Она ответила за все, эта дрянь, но случилось это уже гораздо позже. А тогда он просидел целые сутки, даже больше, тупо глядя в одну точку. Потом встал, вышел на улицу, доехал на попутке до грузового сектора космопорта и ночь напролет, рыча от ненависти к окружающему миру, грузил ящики с «Вицлипуцли» в громадный, словно пещера, трюм космолета, уходящего в рейс на волшебную планету Татуанга, где сухого закона нет и в помине. Он грузил и думал, думал и грузил, и позвякивание емкостей в угловатых ящиках не отрывало его от размышлений.

На полученные от хмурого нарядчика креды Александр Эдуардович, специально отправившись в центр, где магазины попрестижнее, а цены повыше, купил галстук, самый неброский и дорогой из имевшихся в ассортименте. После покупки на карточке, выданной нарядчиком, оставался один-единственный кред с жалкой мелочью, но бывшего капитана это мало волновало. Он приехал домой, побрился, натянул чистую рубаху, напоследок постиранную сердобольной паскудой, тщательно, заковыристым тройным узлом повязал покупку, аккуратно заправив ее под воротничок, поглядел в зеркало и остался вполне собой доволен.

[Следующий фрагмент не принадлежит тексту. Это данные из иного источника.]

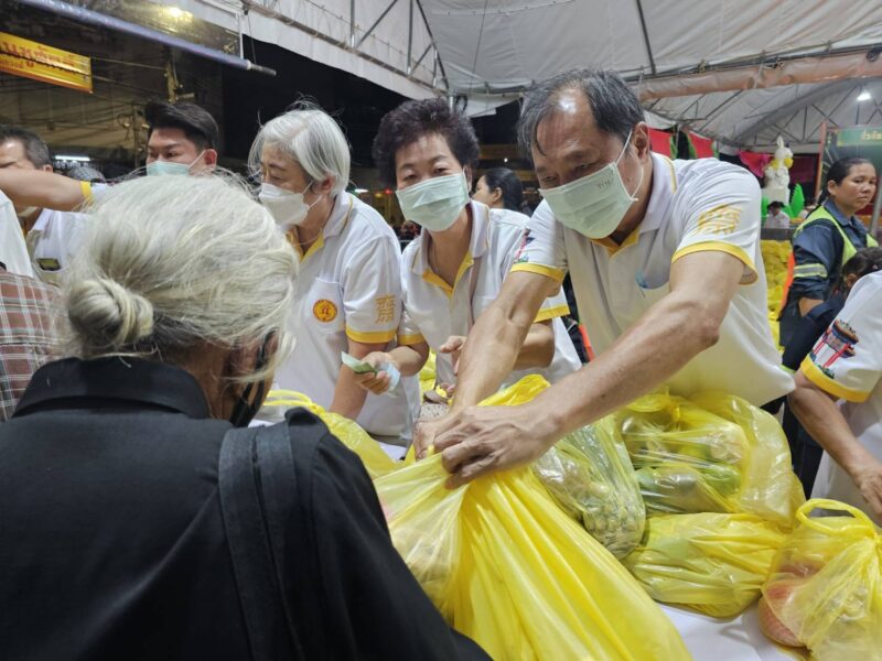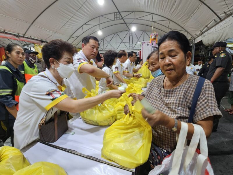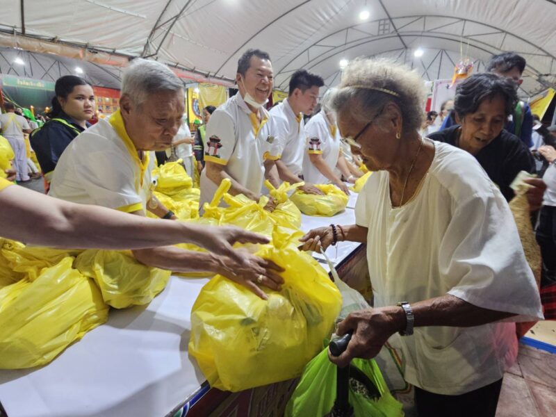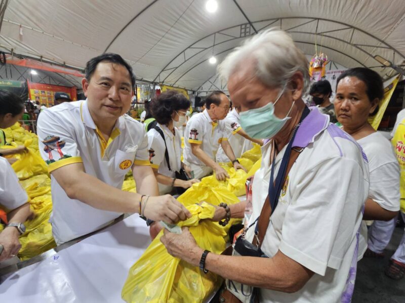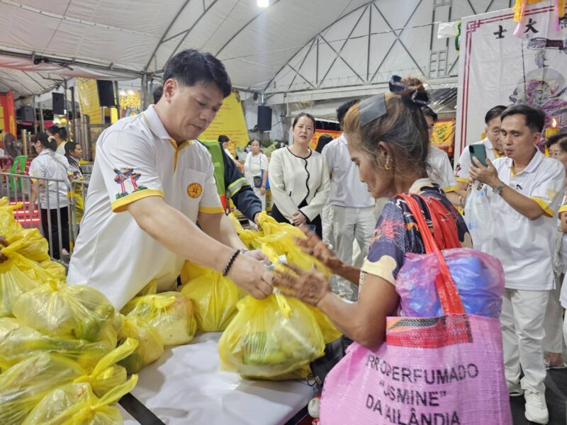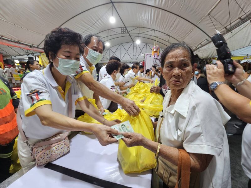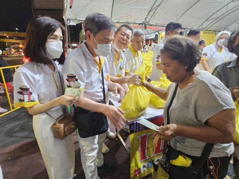 เวลา 18:00 น. คณะเจ้าภาพและกรรมการจัดงานประเพณีงานเจ ได้แจกทานสิ่งของและเงินค่ารถ ให้กับประชาชนผู้ที่ยังขาดแคลนที่มารอรับ กว่า 1,000 ชุด หลังจากนั้น

Последний кред с карточки, вместе с мелочью, был безжалостно истрачен на такси и пачку дорогих престижных сигарет с тремя серебряными коронами на глянцевом картоне.

Хватило с лихвой, но он протянул водителю такси карточку и не стал требовать сдачи.

Он вышел, выкурил сигарету, бросил окурок на тротуар, не спеша растоптал его и спокойно, словно делал это каждый Божий день, позвонил в большой, сияющий начищенной антикварной бронзой звонок, выступающий из массивной двери планетарного офиса Компании.

Александр Эдуардович знал: его примут.

И его приняли.

Сперва для собеседования, затем — в штат.

Потому что он умел думать о будущем, даже в те дни, когда еще выпивал. Документы, предусмотрительно прихваченные им домой за пару недель до того, как козлы-коллеги погнали его из криминалки, не могли не заинтересовать руководство Компании, вплоть до высшего, потому что это были подлинные списки информаторов, внедренных в фирму федералами, а еще потому, что в некоторых из этих документов многое относилось как раз к представителям высшего руководства…

Для начала его поставили заведовать сектором. Дальше все зависело только от него самого. И он справился.

Постепенно, понемногу, но теперь он твердо встал на ноги! Комбиджип «Падж-аэро», правда с двумя отсеками, но все равно очень солидный, домик на Конхобаре, вилла на Симнель, девятикомнатные апартаменты в Жмеринке, Старая Земля, акции родной фирмы… все это, знаете ли, не шутки, все это уже серьезно. Он ведь даже не попросил, он всего только намекнул невзначай, и понятливые ребята из не сектора уже, а отдела, вверенного ему спустя полгода работ, за свой счет сгоняли на Татуангу. Они навестили отставную жену с ее кролиководом, и теперь сыновья его живут в самом престижном приюте из всех, зарегистрированных в каталоге, а Геночка учится на философском факультете, и это никого из окружающих не удивляет, потому что папа Штейман платит за обучение по утроенной таксе.

А когда Александр Эдуардович бывает в хорошем настроении и поет под негромкий аккомпанемент старенькой мандолины свои талантливые песни, суровые парни из отдела слушают затаив дыхание и на их лицах сияет откровенный восторг.

— Суки, — уже вовсе не зло, напротив, с искренней теплотой пробурчал Штейман.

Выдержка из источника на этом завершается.